Joachim Nagel ist offiziell der neue Bundesbankpräsident. Mit seinem Amtsantritt steigt nun auch die Spannung, denn gemütlich wird der Einstieg nicht. Selbst bei einem Experten wie Nagel stellen sich alle die Frage: Wird er den Erwartungen gerecht werden können und dort anknüpfen können, wo seine Vorgänger gescheitert sind?


Neuer Bundesbankpräsident: Hängt die Preisstabilität nun an diesem Nagel?

Bis 2027 hätte das Mandat von Jens Weidmann laufen sollen. Nach zehn Jahren im Amt übergab er jedoch frühzeitig den Staffelstab. Das Rennen übernimmt nun Joachim Nagel, studierter Volkswirt und SPD-Mitglied.

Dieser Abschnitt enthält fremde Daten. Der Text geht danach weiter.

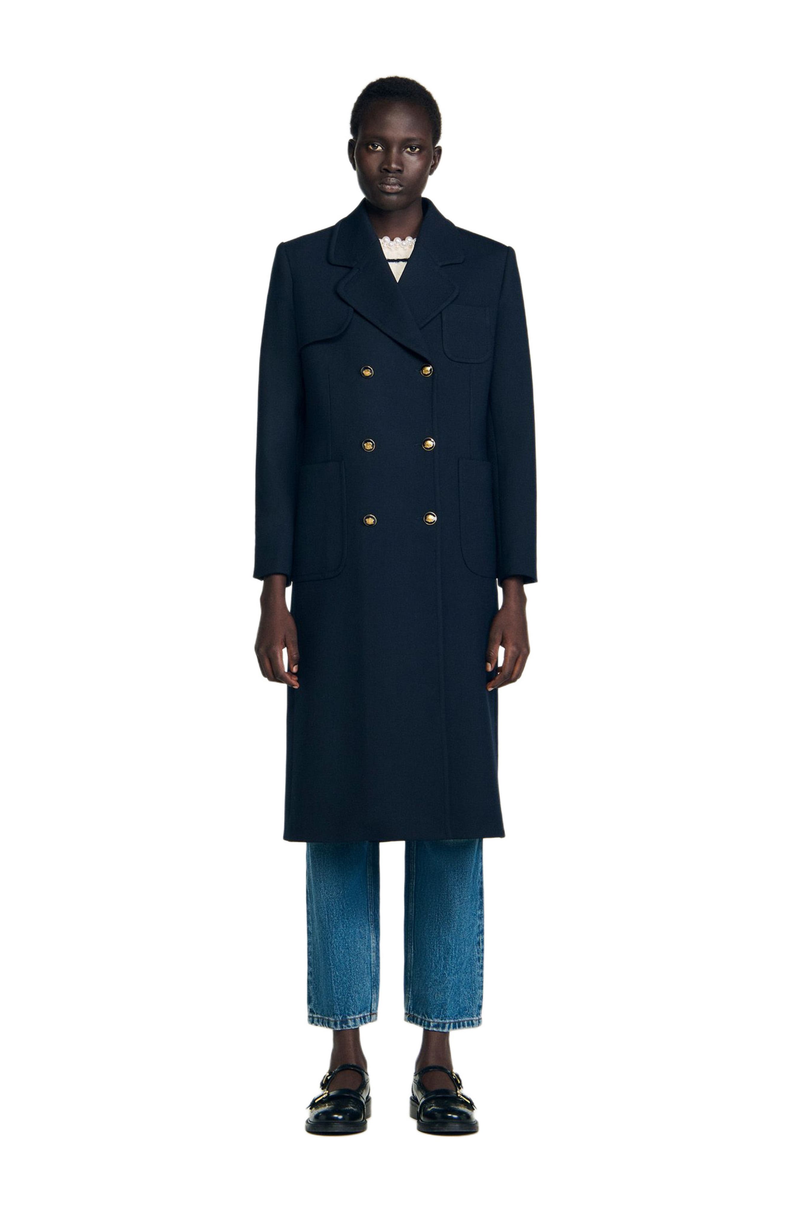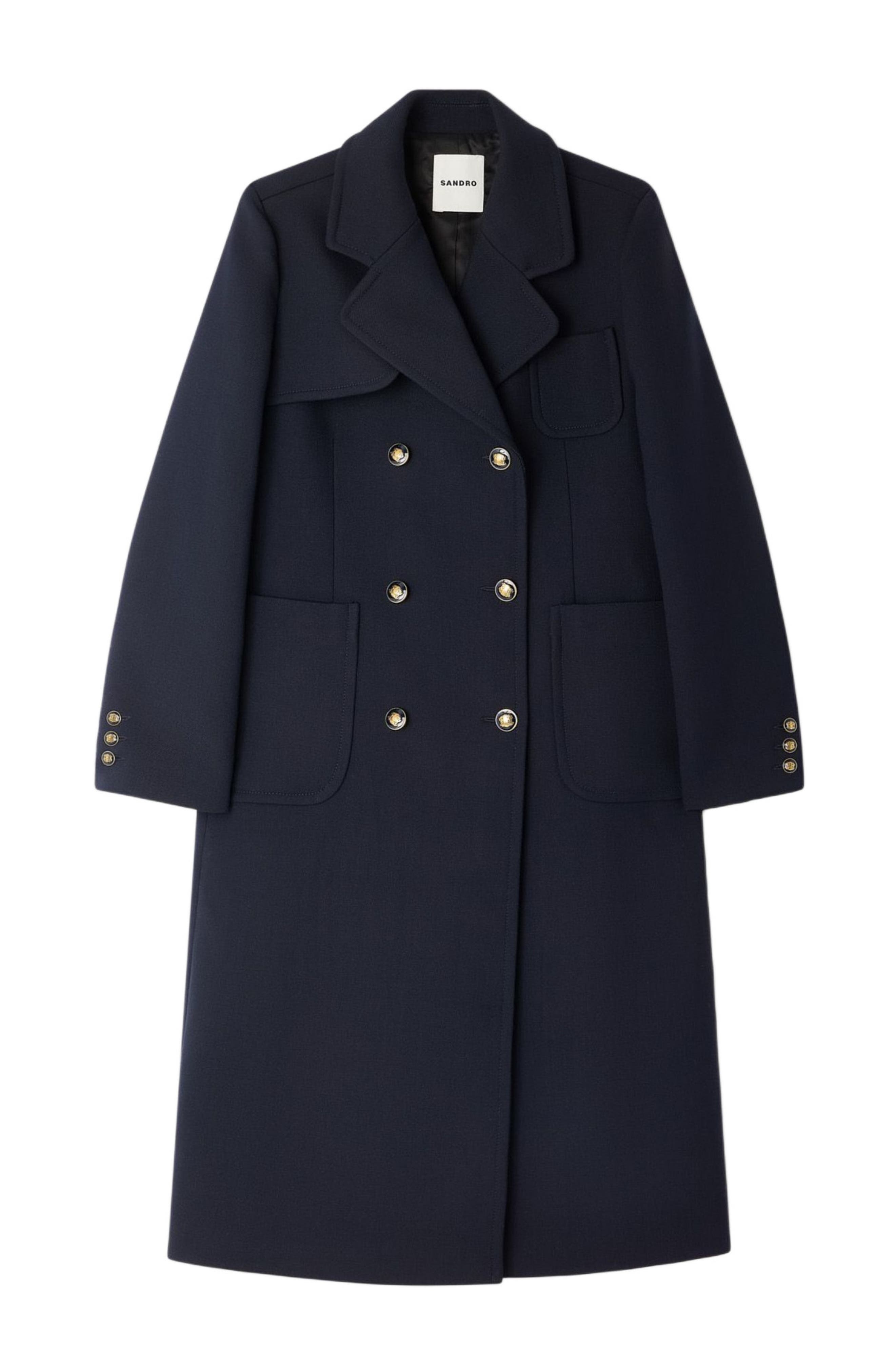 HasSearch:true searchTerm: SANDRO Structured long double-breasted coat_Navy Blue
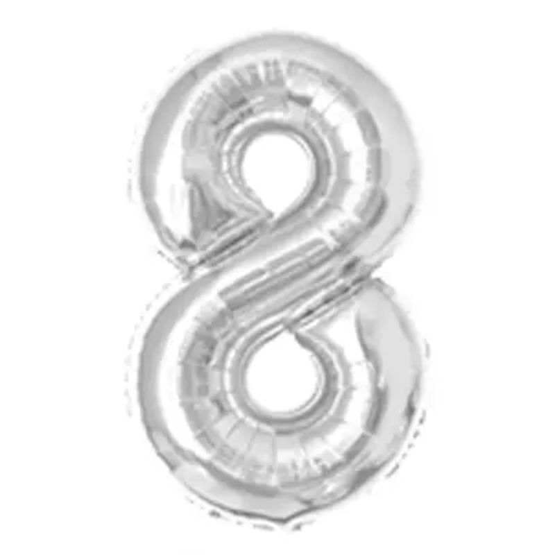 BALÃO DE NÚMERO METALIZADO PRATA - NÚMERO 8 - 16' 40CM - REF.: 8072 - MAKE+ - LOJA DO ABENÇOADO

In der Finanzbranche ist Nagel bereits seit vielen Jahren ein bekannter Name, trägt er doch die Reputation als erfahrener Zentralbanker. Noch vor seiner Promotion beschäftigte sich Nagel als Referent mit Wirtschafts- und Finanzpolitik beim damaligen SPD-Parteivorstand.

Anschließend war er 17 Jahre bei der Bundesbank tätig, sechs davon als Vorstandsmitglied. Während dieser Periode unterlagen besonders die Abteilungen „Märkte“ und „Informationstechnologie“ seinem Fokus. Außerdem zeichnete er sich bis 2016 als Leiter für den Krisenstabs der Bundesbank verantwortlich. Nach einem Wechsel zur Förderbank KFW wurde die Bank für Internationalen Zahlungsausgleich (BIZ) zu seiner letzten Station.

Der stabilitätsorientierte Sozialdemokrat

„Damit kommt ein Experte mit langjähriger Notenbankerfahrung und ausgezeichneter Kenntnis der Finanzmärkte an die Spitze der deutschen Zentralbank.“ Nicht nur Deutsche-Bank-Chef Christian Sewing zeigt sich von der neuen Amtsbesetzung überzeugt. Auch Otmar Issing, Ex-Chefvolkswirt der Bundesbank und Europäischen Zentralbank (EZB) ernennt Nagel zum „Glücksfall für die Institution“.

Dass Joachim Nagel in der Bundesbank bereits stark sozialisiert ist, kommt seinem neuen Posten sicher zugute. Jedoch ist es viel mehr seine Einstellung, die Politiker, Ökonomen und Banker darauf hoffen lässt, dass er den Kurs der Geldpolitik ändern wird. Schon 2013 äußerte Nagel in einem Interview Bedenken über die lockere Geldpolitik: Sie könne Blasen bei den Vermögenspreisen auslösen.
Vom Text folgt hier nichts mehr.